→ **Supplied material**:
>>

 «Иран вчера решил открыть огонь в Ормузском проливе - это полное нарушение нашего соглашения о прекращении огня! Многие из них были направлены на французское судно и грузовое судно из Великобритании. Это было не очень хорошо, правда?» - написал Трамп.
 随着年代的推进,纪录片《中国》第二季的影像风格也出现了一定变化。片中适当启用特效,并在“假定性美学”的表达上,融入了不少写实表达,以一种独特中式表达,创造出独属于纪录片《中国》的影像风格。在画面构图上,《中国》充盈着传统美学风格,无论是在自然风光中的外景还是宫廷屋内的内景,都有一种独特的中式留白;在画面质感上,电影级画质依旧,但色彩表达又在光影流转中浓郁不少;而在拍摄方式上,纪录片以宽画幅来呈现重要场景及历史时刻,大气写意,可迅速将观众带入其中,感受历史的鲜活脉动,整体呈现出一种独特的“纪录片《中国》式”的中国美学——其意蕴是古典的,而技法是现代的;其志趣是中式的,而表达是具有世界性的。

<<
>>

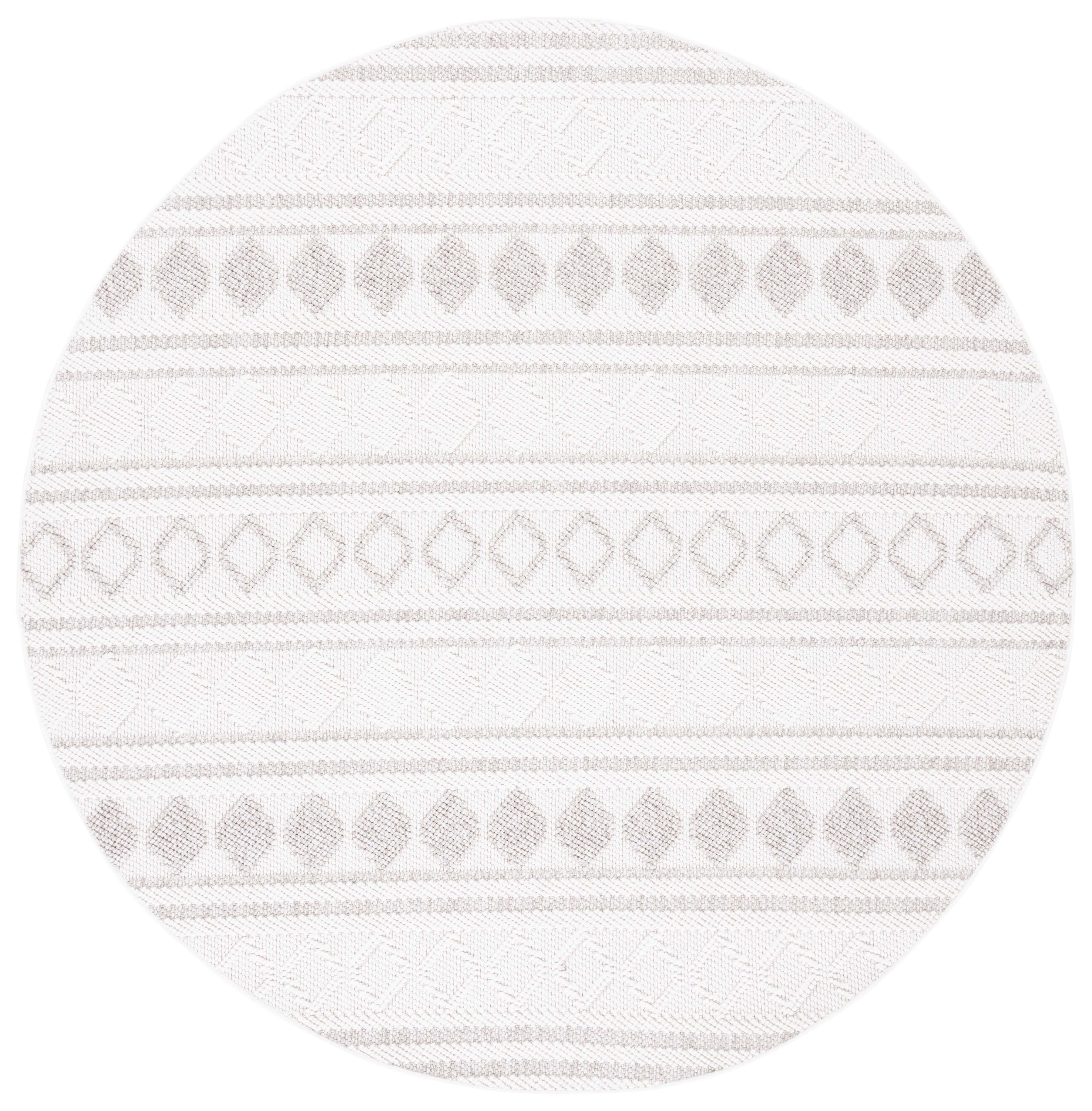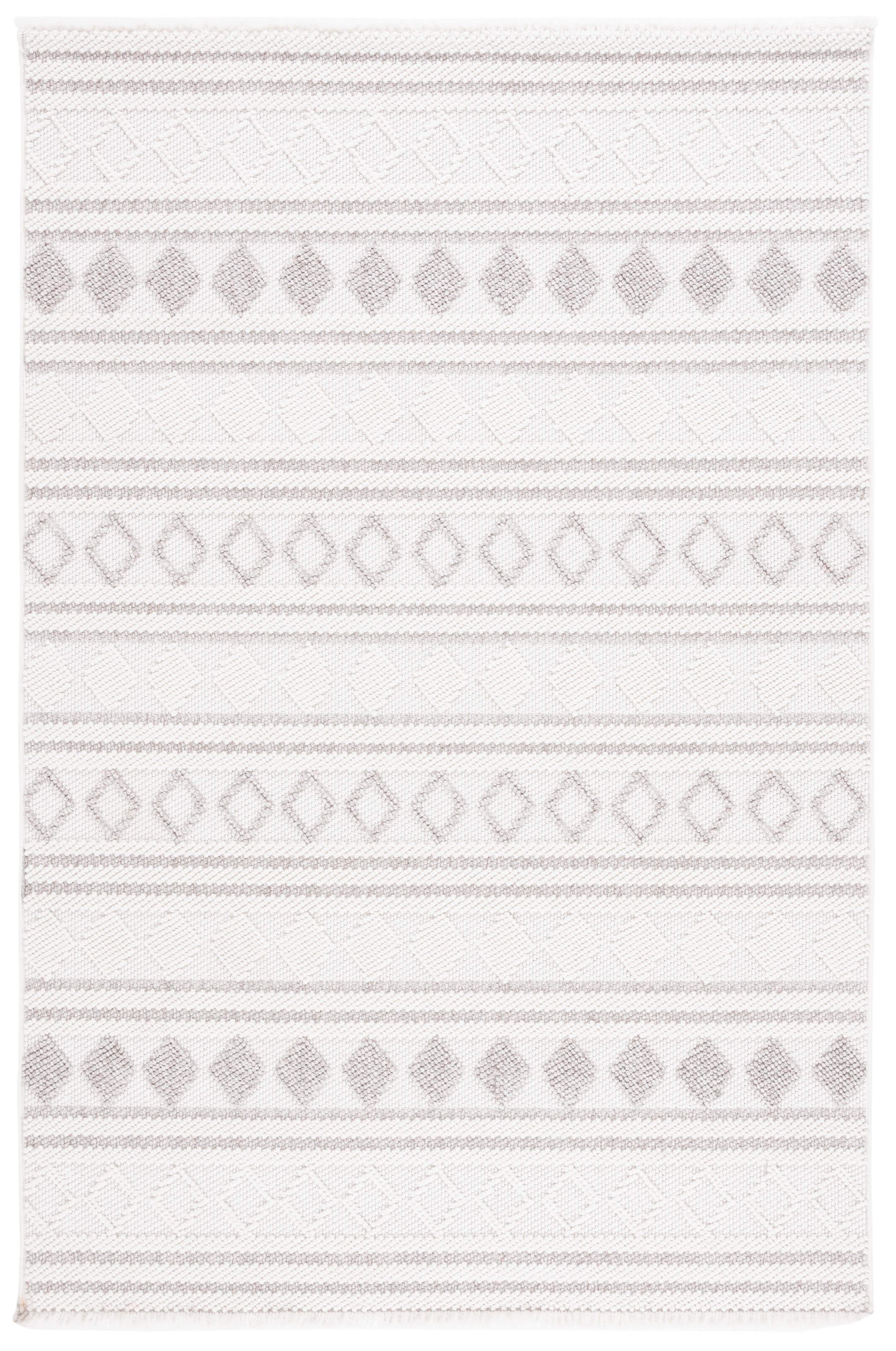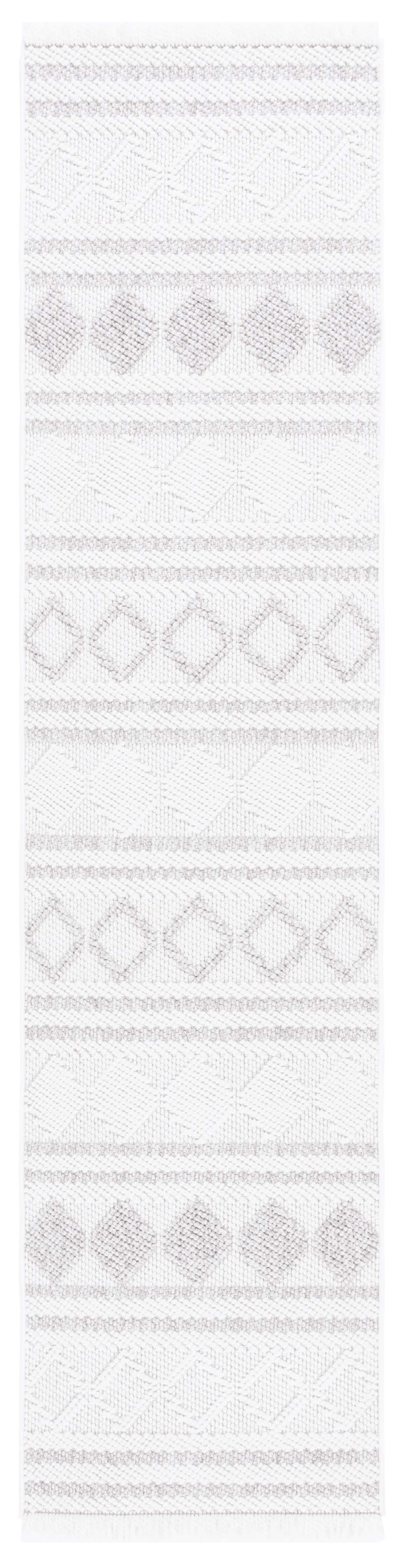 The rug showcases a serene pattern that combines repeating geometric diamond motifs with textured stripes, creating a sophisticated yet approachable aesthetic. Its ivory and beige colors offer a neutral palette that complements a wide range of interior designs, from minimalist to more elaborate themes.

<<

→ **Work to be completed**:
The lines above from the one with "- написал Трамп." through the one with "随着年代的推进,纪录片《中国" are to be duplicated exactly, ends included, with nothing added.

→ **Solution for this exercise**:
 «Иран вчера решил открыть огонь в Ормузском проливе - это полное нарушение нашего соглашения о прекращении огня! Многие из них были направлены на французское судно и грузовое судно из Великобритании. Это было не очень хорошо, правда?» - написал Трамп.
 随着年代的推进,纪录片《中国》第二季的影像风格也出现了一定变化。片中适当启用特效,并在“假定性美学”的表达上,融入了不少写实表达,以一种独特中式表达,创造出独属于纪录片《中国》的影像风格。在画面构图上,《中国》充盈着传统美学风格,无论是在自然风光中的外景还是宫廷屋内的内景,都有一种独特的中式留白;在画面质感上,电影级画质依旧,但色彩表达又在光影流转中浓郁不少;而在拍摄方式上,纪录片以宽画幅来呈现重要场景及历史时刻,大气写意,可迅速将观众带入其中,感受历史的鲜活脉动,整体呈现出一种独特的“纪录片《中国》式”的中国美学——其意蕴是古典的,而技法是现代的;其志趣是中式的,而表达是具有世界性的。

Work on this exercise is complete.